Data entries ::
******************************

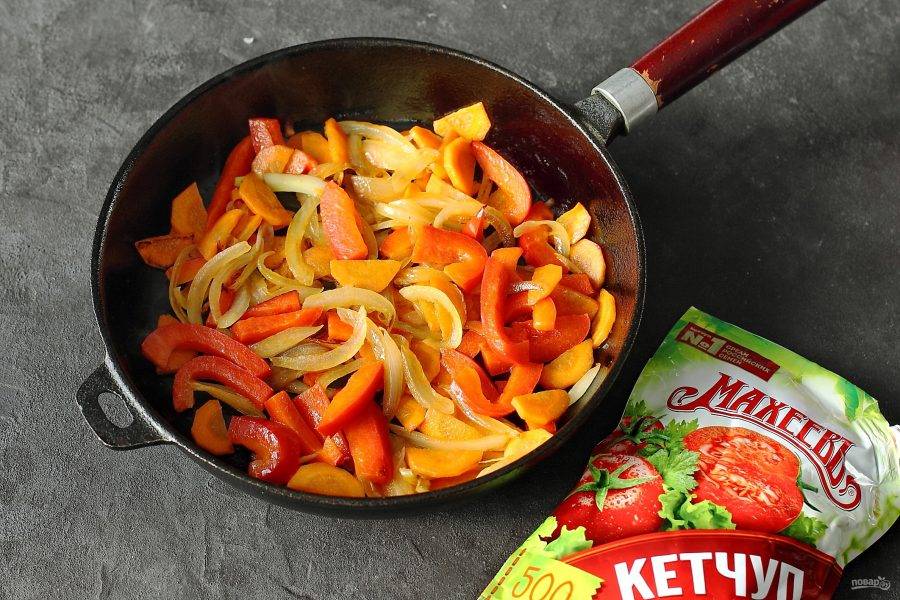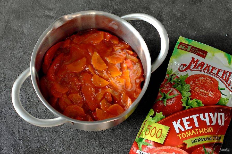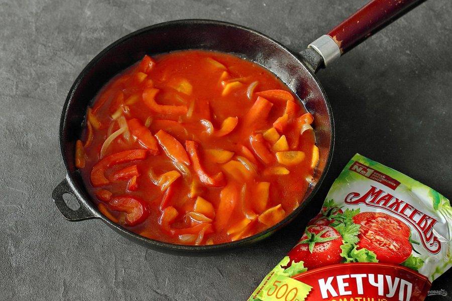 Добавьте томатный соус. Откорректируйте на соль. Если необходимо, то можно добавить немного сахара. Доведите до кипения, выдержите пару минут и снимите с огня.
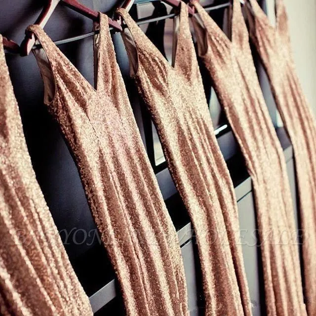 Babyonlinewholesale offers you high quality stunning sequins v-neck long gold bridesmaid dress floor length
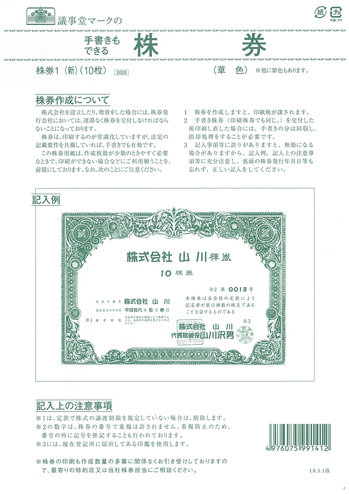 本商品は、必要事項をご記入いただきお使いいただける株券です。印刷の色は草色です。 【注意事項】こちらの商品は用紙サイズがB5別寸(188mm<タテ>×262mm<ヨコ>)となりますため、若干B5サイズよりも大きくなっております、ご注意ください。
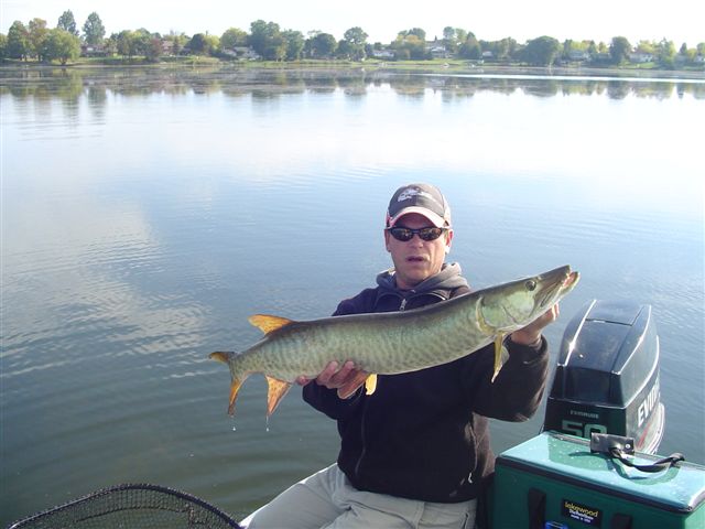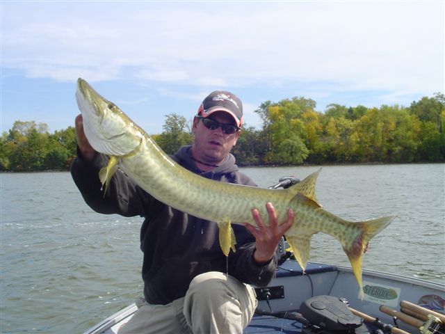 Location: oswego, il | Fished sunday and did ok. My buddy last a 35 that went airborn and he had three follws and a blowup on a rumbler. I caught my biggest bass ever on a home made 14" bucktail and did not see a musky untill 630pm. After that follow I hooked a fish only to watch all 45" of it come out of the water and toss my bait half way back to the boat. About the 10th fish of that size or bigger I have lost this year. I contemplated about 20 seconds over what needed to die. I hit my hooks quick with a file just to be sure, made my next cast and caught the musky pictured below. That was the last action we had.
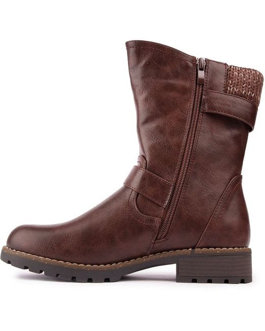 Add a fashionable spin to any outfit with the Lotus Jemima boots. These women's biker-inspired boots incorporate two wrap-around straps complete with buckle trims on the faux leather upper. The knitted textile collar, the cleated sole and the subtle 3.5cm heel all add to the look of this Lotus calf-length staple, an ideal companion for the changing season.
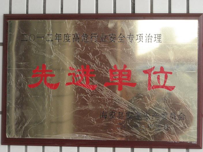 我公司被海安縣安全生產(chǎn)委員會評為《二0一二年度高危行業(yè)安全專項治理先進(jìn)單位》。
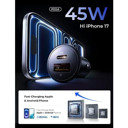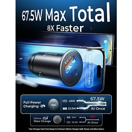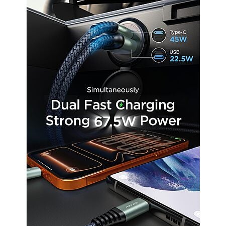 AINOPE 67.5W Super Mini Car Charger USB C 45W PD&QC 3.0 Fast Charging with C to Lighting Cable $6
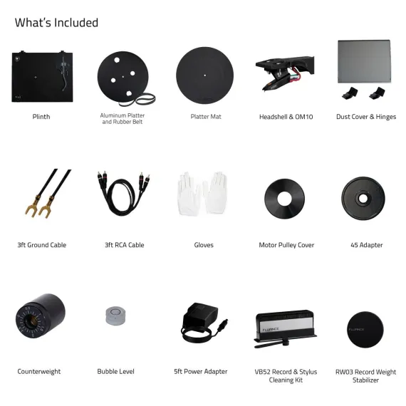 What's Included: RT82 Turntable, Dust Cover + Hinges, Bubble Level, Headshell with Ortofon OM10 Cartridge, Counterweight, Metal Platter with Belt, Rubber Platter Mat, 100-240V (50/60Hz) AC Power Adapter, 3ft RCA Cable, 2x 3ft Ground Wire, 45 Adaptor, Motor Pulley Cap, Cotton Gloves, User Manual, Record Weight (RW03), Vinyl Record Cleaning Kit (VB52), 2 Year Manufacturer's Direct Warranty

******************************

All the lines above are to be given again exactly as they read, with the pictures removed.

SOLUTION ::
 Добавьте томатный соус. Откорректируйте на соль. Если необходимо, то можно добавить немного сахара. Доведите до кипения, выдержите пару минут и снимите с огня.
 Babyonlinewholesale offers you high quality stunning sequins v-neck long gold bridesmaid dress floor length
 本商品は、必要事項をご記入いただきお使いいただける株券です。印刷の色は草色です。 【注意事項】こちらの商品は用紙サイズがB5別寸(188mm<タテ>×262mm<ヨコ>)となりますため、若干B5サイズよりも大きくなっております、ご注意ください。
 Location: oswego, il | Fished sunday and did ok. My buddy last a 35 that went airborn and he had three follws and a blowup on a rumbler. I caught my biggest bass ever on a home made 14" bucktail and did not see a musky untill 630pm. After that follow I hooked a fish only to watch all 45" of it come out of the water and toss my bait half way back to the boat. About the 10th fish of that size or bigger I have lost this year. I contemplated about 20 seconds over what needed to die. I hit my hooks quick with a file just to be sure, made my next cast and caught the musky pictured below. That was the last action we had.
 Add a fashionable spin to any outfit with the Lotus Jemima boots. These women's biker-inspired boots incorporate two wrap-around straps complete with buckle trims on the faux leather upper. The knitted textile collar, the cleated sole and the subtle 3.5cm heel all add to the look of this Lotus calf-length staple, an ideal companion for the changing season.
 我公司被海安縣安全生產(chǎn)委員會評為《二0一二年度高危行業(yè)安全專項治理先進(jìn)單位》。
 AINOPE 67.5W Super Mini Car Charger USB C 45W PD&QC 3.0 Fast Charging with C to Lighting Cable $6
 What's Included: RT82 Turntable, Dust Cover + Hinges, Bubble Level, Headshell with Ortofon OM10 Cartridge, Counterweight, Metal Platter with Belt, Rubber Platter Mat, 100-240V (50/60Hz) AC Power Adapter, 3ft RCA Cable, 2x 3ft Ground Wire, 45 Adaptor, Motor Pulley Cap, Cotton Gloves, User Manual, Record Weight (RW03), Vinyl Record Cleaning Kit (VB52), 2 Year Manufacturer's Direct Warranty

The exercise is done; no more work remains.